I usually like to clone but I travel a lot so my garden has to go in spurts. Because of that, I often need to start with seeds.

If I end up liking Satori as much as you all do, I would grow a few plants to stash a couple hundred seeds for later.

My last grow was from seeds I grew in 2003 so I know some seeds can last a long time if they are stored properly. 11 year old seeds and every one popped but 2 and they were still white and immature. 

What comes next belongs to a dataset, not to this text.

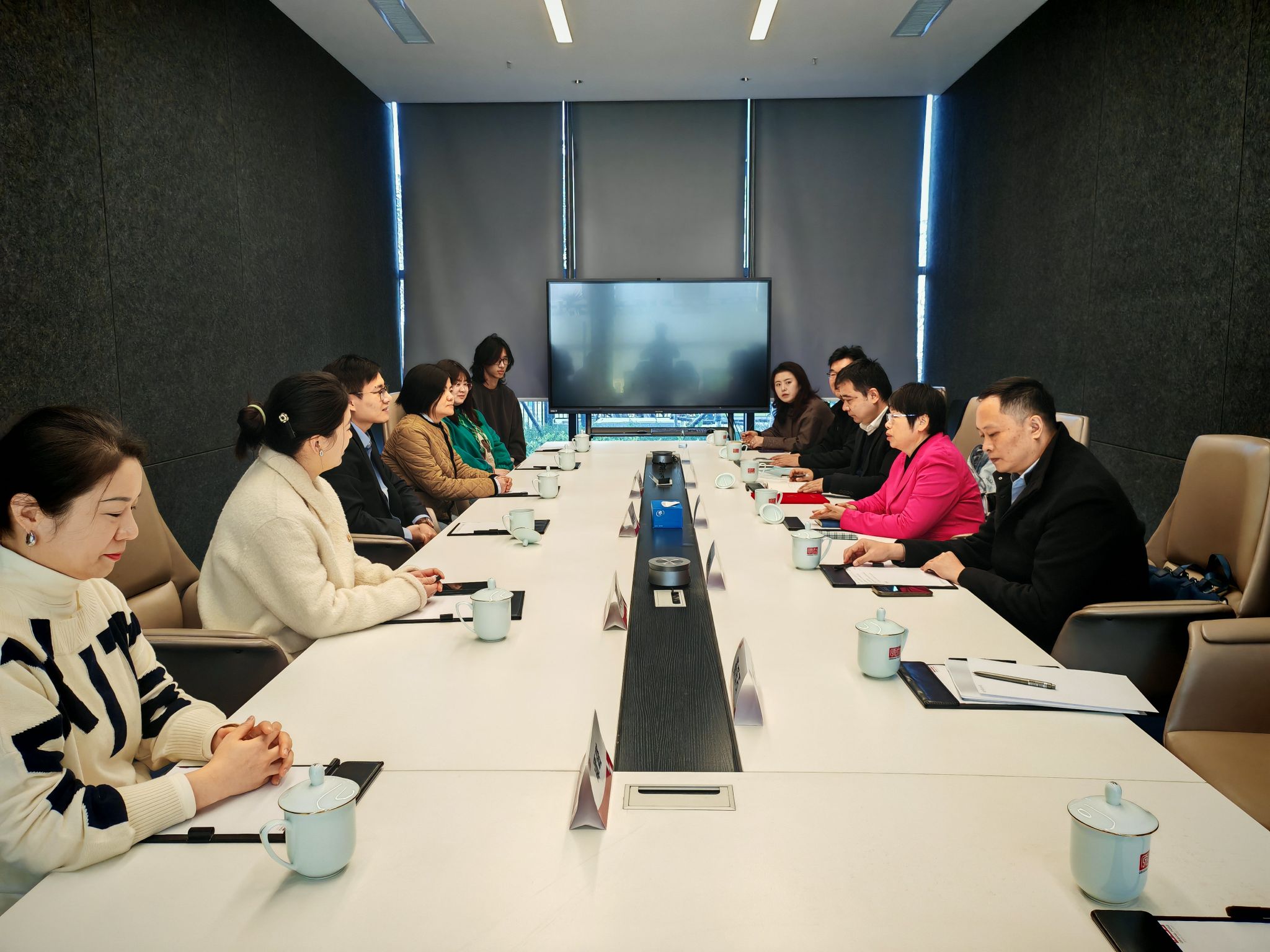 在董自亭的陪同下,张燕一行参观了公司动作捕捉棚、虚拟制片实验室、数字人研发等部门,深入了解企业在影视动画、游戏、虚拟现实等领域的最新研发成果与生产流程。参观过程中,动漫学院负责人就专业课程设置、学生能力培养与企业岗位需求的契合度与企业一线技术专家进行了现场交流。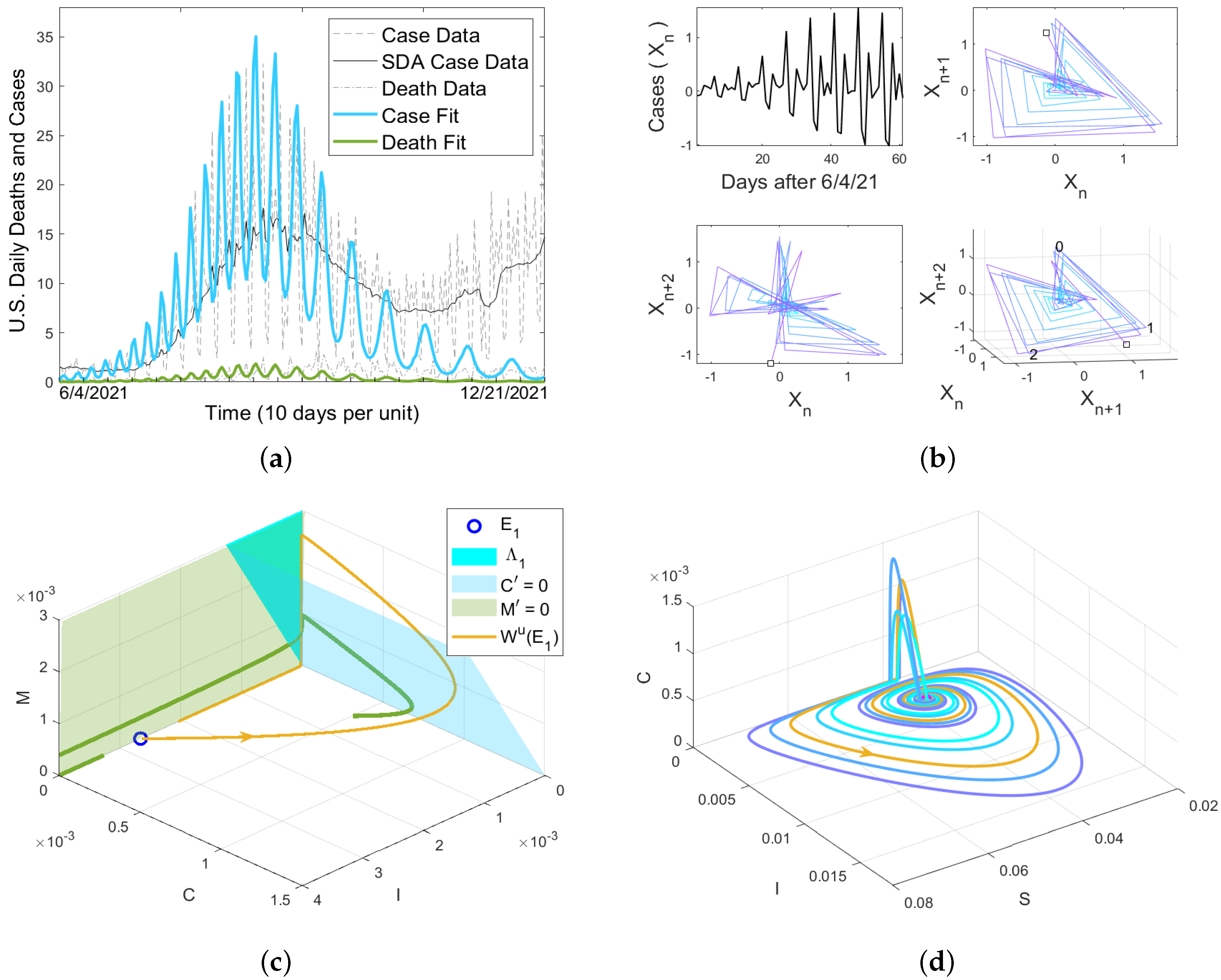 Finally, our synthesis underscores that simple SIR-type models miss key complexity. By including the testing compartments and Holling II saturation, the SICMR predicts instabilities that standard models cannot (the tested-endemic becomes a saddle-focus). However, we note limitations: we did not prove the existence of an actual chaotic attractor (no true homoclinic orbit was found), so the autonomous model may remain periodic without noise. Moreover, our deterministic fit does not fully reproduce the empirical attractor complexity.

Just curious if it's worthwhile to grow a seed crop.


----------



## Rosebud (Sep 13, 2014)

I have made satori seeds. Not hundreds, just a few with preflowers and a male. It worked very well.  Haven't had to buy any in a long time. I hope you love satori as much as I do. I would get nothing done with out it.


----------



## Hackerman (Sep 13, 2014)

Thanks, I may just do that.

Yeah, I would like to have a nice stash of 2 things... Satori and the Landrace Afghan Kush (seeds are on the way for those, also). Then, I'll start trying everything in between. LOL This Critical Mass in kind of in-between so I'll have that while I wait for the next few crops to finish.

I wish they would hurry up and do a federal recreational legalization. When they do, I am going to turn my whole house into all grow rooms. LMAO


----------



## Rosebud (Sep 13, 2014)

That is a nice dream.


----------



## Hackerman (Sep 13, 2014)

Just curious... is it bad etiquette to do it?

I mean, would a breeder ask you to not do this if they could?

Like I said, just curious about seed etiquette. LOL


----------



## Wetdog (Sep 15, 2014)

Rosebud said:


> I have made satori seeds. Not hundreds, just a few with preflowers and a male. It worked very well.  Haven't had to buy any in a long time. I hope you love satori as much as I do. I would get nothing done with out it.



Clones are for sure your best bet for a couple of reasons.

First, like Rose mentioned, preflowers will give you the best seeds. Much more so than more developed buds.

Second, once males go into flower it seems there is no turning them back but kept in a veg state as clones you have them whenever you wish. Just don't try and take clones in flower. It will work with females, but seldom, if ever, with males. I've tried it.

Third, for both the females and the males, you can pick and choose the best of both sexes for your breeding and not interfere with any smoking bud.

Wet


----------



## Wetdog (Sep 15, 2014)

Hackerman said:


> Just curious... is it bad etiquette to do it?
> 
> I mean, would a breeder ask you to not do this if they could?
> 
> Like I said, just curious about seed etiquette. LOL



I wouldn't think so. If I buy heirloom seeds, I certainly save seeds from those plants, or anything that is open pollinated.

I'll usually still buy the same seeds again till I check out my own saved seeds, but this is like a back up in case I screw up.

Wet


----------



## Rosebud (Sep 15, 2014)

In my little brain, Mandala would love you to share their special gift to the world. I have heard of some breeders like that. Seems like they would be that way too.


----------



## Locked (Sep 15, 2014)

Hackerman said:


> Just curious... is it bad etiquette to do it?
> 
> I mean, would a breeder ask you to not do this if they could?
> 
> Like I said, just curious about seed etiquette. LOL



Not in My Opinion. Especially if these are to be kept for yourself and not sold in direct competition of the Original Breeder.


----------



## JustAnotherAntMarching (Sep 15, 2014)

Hackerman said:


> Just curious... is it bad etiquette to do it?
> 
> I mean, would a breeder ask you to not do this if they could?
> 
> Like I said, just curious about seed etiquette. LOL



Dude if you paid for the seeds they are yours to do whatever you want with...  make a million of them and feed'em to the birds if ya want....


----------